Barnum-Dann appreciates the Michelin cred that came with winning a star. He just has to mention his star, and he can network with top chefs around the world. During recent travels to Thailand and Portugal, he called on chefs to compare notes on sourcing, ingredients and techniques. “It broadens your community,” he explains, “which is important for a chef.”

But there are downsides to Michelin recognition as well. For diners, reservations can be harder to get. Restaurateurs may have to manage outsize crowds — and outsize expectations. After Michelin gave Roseville’s Nixtaco a Bib Gourmand nod in 2021, the taqueria was flooded with diners from the Bay Area eager to sample its house-made blue tortillas and cheffy taco fillings. Owners Patricio Wise and Cinthia Martinez were unprepared for the deluge. Their phone rang off the hook unanswered, and regulars fumed when they couldn’t get a table. 

Restaurateurs also talk about the stress of maintaining their star status. That Spanish study showing a 50 percent increase in profits associated with getting a star also showed a 50 percent drop when you lose a star. 

The Kitchen’s Nelson says the stress can keep a restaurant owner up at night. “Like Major League Baseball, the real pressure isn’t getting into the MLB but staying there,” he notes. “It was cool the first year we had our star, but then, oh my God, you have to keep at it.” 

Many Michelin-starred restaurants, like The Kitchen in Sacramento, serve set menus with optional wine pairings.

This past summer, The Kitchen moved into beautifully designed new digs on Broadway, and service — always attentive — has become even more focused and choreographed.
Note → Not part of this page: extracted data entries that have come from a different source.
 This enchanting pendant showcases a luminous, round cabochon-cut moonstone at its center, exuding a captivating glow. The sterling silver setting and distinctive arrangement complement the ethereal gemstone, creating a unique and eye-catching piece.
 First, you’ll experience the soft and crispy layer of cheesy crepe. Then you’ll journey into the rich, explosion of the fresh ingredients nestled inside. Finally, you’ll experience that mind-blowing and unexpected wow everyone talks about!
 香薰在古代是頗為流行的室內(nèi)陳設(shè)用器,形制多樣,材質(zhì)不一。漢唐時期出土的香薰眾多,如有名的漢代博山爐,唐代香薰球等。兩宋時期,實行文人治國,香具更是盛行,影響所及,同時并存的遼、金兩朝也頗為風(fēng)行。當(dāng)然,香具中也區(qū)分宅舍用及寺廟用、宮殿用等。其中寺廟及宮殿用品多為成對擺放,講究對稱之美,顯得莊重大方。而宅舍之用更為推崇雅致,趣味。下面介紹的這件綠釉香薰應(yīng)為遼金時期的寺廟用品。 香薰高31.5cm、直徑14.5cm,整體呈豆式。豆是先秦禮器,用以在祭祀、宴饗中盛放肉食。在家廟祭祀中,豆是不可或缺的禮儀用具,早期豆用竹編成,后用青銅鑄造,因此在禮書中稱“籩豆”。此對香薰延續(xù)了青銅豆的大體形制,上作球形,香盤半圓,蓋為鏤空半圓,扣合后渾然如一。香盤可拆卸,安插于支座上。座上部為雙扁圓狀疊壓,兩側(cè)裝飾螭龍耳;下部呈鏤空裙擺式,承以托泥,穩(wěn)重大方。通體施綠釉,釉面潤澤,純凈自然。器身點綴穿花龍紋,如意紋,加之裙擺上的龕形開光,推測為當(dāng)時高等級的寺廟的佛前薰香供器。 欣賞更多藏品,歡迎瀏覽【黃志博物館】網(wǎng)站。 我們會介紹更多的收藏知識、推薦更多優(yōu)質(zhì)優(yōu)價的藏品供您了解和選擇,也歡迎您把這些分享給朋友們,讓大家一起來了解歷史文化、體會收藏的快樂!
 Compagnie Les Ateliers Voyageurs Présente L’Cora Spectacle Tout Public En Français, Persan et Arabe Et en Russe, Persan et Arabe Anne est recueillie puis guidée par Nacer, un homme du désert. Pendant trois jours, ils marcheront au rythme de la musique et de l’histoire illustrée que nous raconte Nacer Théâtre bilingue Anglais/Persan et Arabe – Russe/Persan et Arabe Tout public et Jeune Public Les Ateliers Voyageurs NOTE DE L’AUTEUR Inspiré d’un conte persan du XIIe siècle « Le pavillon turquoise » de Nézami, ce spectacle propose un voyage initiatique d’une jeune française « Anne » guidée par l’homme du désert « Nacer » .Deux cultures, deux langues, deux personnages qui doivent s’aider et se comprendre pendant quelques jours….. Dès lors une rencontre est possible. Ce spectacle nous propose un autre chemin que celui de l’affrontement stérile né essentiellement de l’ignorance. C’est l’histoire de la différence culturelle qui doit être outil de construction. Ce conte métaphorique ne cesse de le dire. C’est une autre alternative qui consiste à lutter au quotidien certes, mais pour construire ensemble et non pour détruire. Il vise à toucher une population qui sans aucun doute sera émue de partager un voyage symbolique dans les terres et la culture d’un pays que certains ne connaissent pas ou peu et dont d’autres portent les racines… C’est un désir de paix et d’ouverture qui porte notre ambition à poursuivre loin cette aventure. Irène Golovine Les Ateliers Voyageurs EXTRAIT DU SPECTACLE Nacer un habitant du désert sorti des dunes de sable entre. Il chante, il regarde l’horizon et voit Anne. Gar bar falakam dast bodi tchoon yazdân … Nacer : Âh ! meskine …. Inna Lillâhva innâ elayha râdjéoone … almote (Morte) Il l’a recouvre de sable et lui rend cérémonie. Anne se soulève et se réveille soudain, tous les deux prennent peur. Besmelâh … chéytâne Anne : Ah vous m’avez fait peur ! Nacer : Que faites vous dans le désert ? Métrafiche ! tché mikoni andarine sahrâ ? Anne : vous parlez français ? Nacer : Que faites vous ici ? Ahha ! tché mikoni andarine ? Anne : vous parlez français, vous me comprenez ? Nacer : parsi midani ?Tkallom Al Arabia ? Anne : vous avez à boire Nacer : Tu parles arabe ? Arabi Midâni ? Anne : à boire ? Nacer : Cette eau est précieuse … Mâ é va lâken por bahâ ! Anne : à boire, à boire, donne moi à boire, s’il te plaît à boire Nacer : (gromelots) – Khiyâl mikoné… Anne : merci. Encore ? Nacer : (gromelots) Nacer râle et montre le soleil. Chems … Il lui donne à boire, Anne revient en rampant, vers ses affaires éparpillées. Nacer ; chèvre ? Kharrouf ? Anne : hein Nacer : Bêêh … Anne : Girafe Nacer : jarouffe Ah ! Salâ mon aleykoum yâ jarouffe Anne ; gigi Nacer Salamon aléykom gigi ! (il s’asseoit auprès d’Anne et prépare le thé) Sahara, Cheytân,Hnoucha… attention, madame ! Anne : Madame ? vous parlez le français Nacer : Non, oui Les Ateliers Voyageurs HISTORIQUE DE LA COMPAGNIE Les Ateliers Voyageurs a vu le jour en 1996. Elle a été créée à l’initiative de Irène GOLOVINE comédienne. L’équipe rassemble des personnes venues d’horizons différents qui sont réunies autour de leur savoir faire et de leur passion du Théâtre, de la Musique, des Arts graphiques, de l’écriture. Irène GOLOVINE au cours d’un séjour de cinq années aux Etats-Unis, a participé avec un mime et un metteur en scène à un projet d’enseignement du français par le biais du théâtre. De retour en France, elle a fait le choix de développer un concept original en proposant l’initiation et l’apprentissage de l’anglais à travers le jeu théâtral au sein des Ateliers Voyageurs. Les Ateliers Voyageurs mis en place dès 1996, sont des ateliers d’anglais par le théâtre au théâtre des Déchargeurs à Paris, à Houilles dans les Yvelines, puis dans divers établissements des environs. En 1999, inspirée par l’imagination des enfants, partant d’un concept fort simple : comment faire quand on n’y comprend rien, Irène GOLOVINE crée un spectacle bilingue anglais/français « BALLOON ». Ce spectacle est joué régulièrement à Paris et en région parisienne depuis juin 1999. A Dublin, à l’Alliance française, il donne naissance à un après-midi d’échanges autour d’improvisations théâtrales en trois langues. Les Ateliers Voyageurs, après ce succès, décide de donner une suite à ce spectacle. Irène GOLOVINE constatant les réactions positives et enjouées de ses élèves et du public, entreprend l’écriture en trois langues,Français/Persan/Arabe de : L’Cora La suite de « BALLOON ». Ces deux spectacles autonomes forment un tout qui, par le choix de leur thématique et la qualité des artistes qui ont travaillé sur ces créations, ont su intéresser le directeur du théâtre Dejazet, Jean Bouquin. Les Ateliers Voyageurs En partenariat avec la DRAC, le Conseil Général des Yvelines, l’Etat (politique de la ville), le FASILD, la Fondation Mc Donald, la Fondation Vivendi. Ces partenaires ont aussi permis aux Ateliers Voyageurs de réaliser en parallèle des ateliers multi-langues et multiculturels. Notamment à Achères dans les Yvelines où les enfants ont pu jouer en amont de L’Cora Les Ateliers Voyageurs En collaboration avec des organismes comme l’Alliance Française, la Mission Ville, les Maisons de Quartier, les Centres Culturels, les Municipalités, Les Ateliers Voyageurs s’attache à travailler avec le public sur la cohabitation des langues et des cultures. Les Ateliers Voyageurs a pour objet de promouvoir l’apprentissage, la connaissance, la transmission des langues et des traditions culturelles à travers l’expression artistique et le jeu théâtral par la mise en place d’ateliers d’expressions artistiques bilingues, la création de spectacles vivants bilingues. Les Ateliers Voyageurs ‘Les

The restaurant now employs close to 48 people for the 70-seat dining room, up from about 25 when Randall Selland himself ran things. “There’s pressure to keep pushing,” says Nelson, “which isn’t necessarily a bad thing.”    
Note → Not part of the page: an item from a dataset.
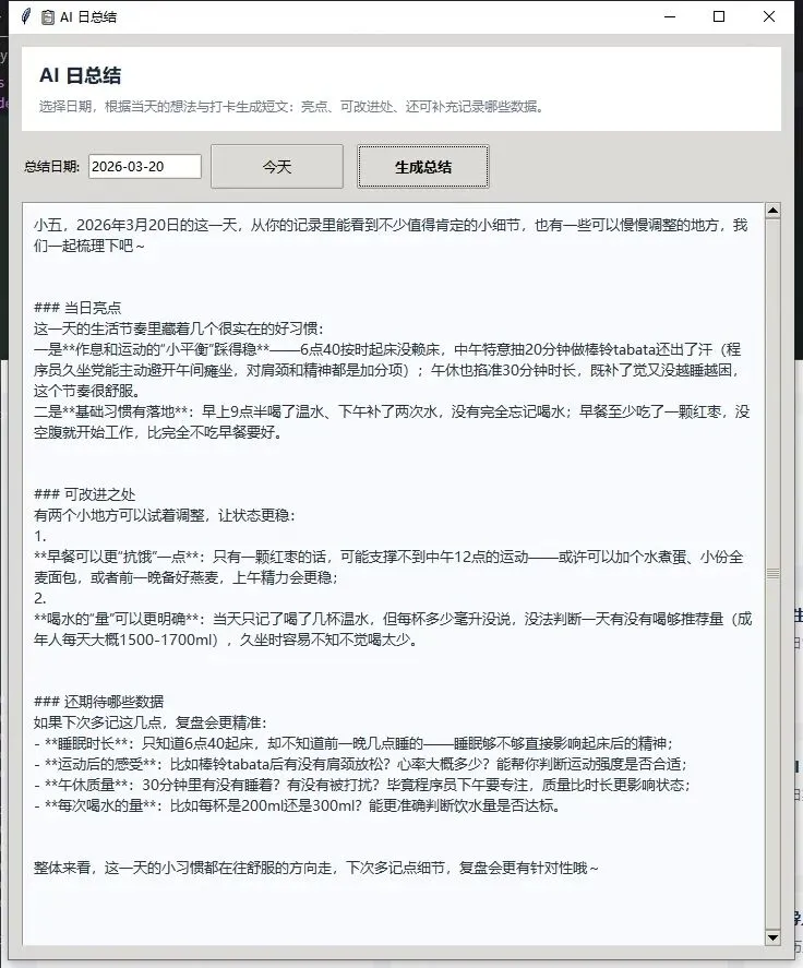 这个过程中,问了七八次ai。比如我想去玩壶铃减脂,他会根据我今天的习惯给个建议。中午想喝咖啡了,美式行不行,各种乱七八糟的!
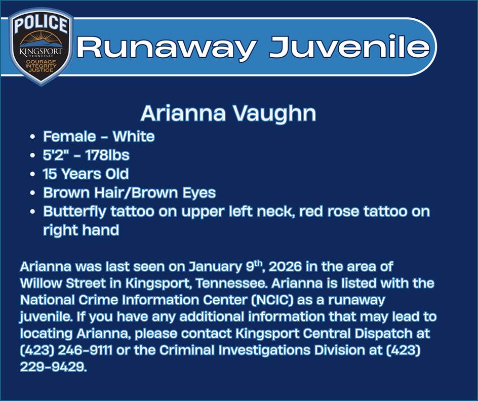 Anyone with information on Arianna’s whereabouts is asked to contact Kingsport Central Dispatch at (423) 246-9111 or the Criminal Investigations Division at (423) 229-9429.

Still, most everyone agrees that Michelin’s presence in Sacramento has been overwhelmingly positive. For Oliver Ridgeway, the chef and owner of Michelin-recommended Camden Spit & Larder, a chic London-style brasserie in downtown, the guide has solidified Sacramento as a “foodie city.” 
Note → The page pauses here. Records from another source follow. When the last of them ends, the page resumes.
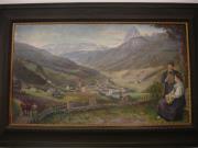 Abstract: Dipinto ad olio su legno con vista su Ortisei dalla casa Lusenberger "Jumbiërch" nel 1860.
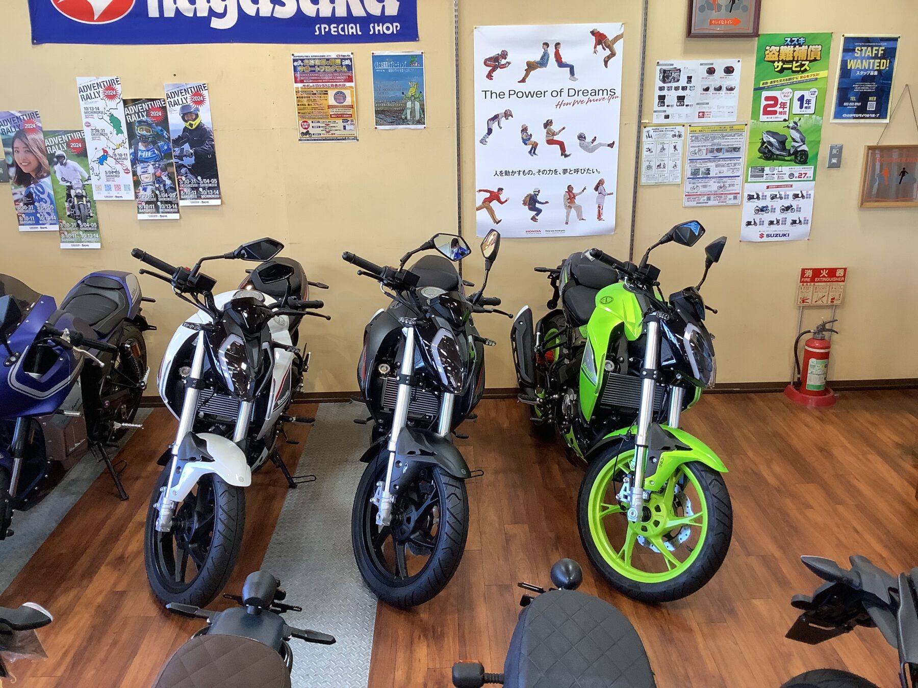 当店では【ベネリ 125S】のグリーン、ブラック、ホワイトを展示しております!
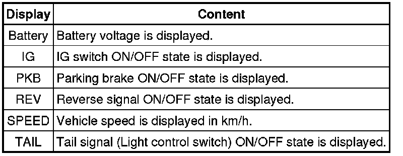(4) Vehicle Signal Check Mode Screen
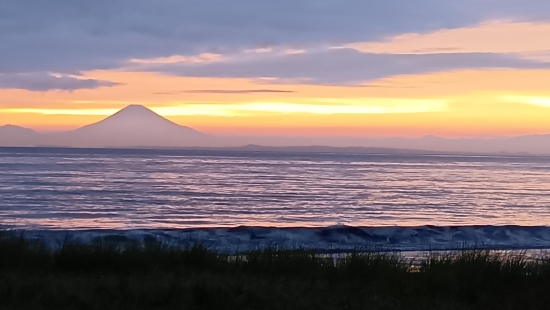 昼間は見えなかった富士山 網元の宿ろくやさんの貸切露天風呂のあと 夕飯前に海岸を散歩していたら 雲が晴れていってすてきな夕焼けが見られました。

“It’s something we tout when we talk about conventions,” Visit Sacramento’s Testa notes. “There is a culinary spotlight on Sacramento that wasn’t there in the same way before the Michelin Guide.” 

Barnum-Dann uses that spotlight to promote the larger Sacramento food community. When talking with out-of-towners at Localis, he steers them to his favorite non-Michelin eateries: Binchoyaki for Japanese yakitori, Adamo’s for red-sauce-joint staples, Kasbah for Middle Eastern mezze, Duc Huong for banh mi and Marie’s for doughnuts. 

Allora, an upscale, “modern Italian” restaurant in East Sacramento, got a Michelin Plate award in 2019. Chef Deneb Williams, who co-owns the restaurant with his wife, sommelier Elizabeth-Rose Mandalou, thinks Sacramento’s inclusion in Michelin Guide raises the bar for everyone, star or no star. “When you have a community of good restaurants striving to be better, everyone feeds on that, and everyone gets better,” he says.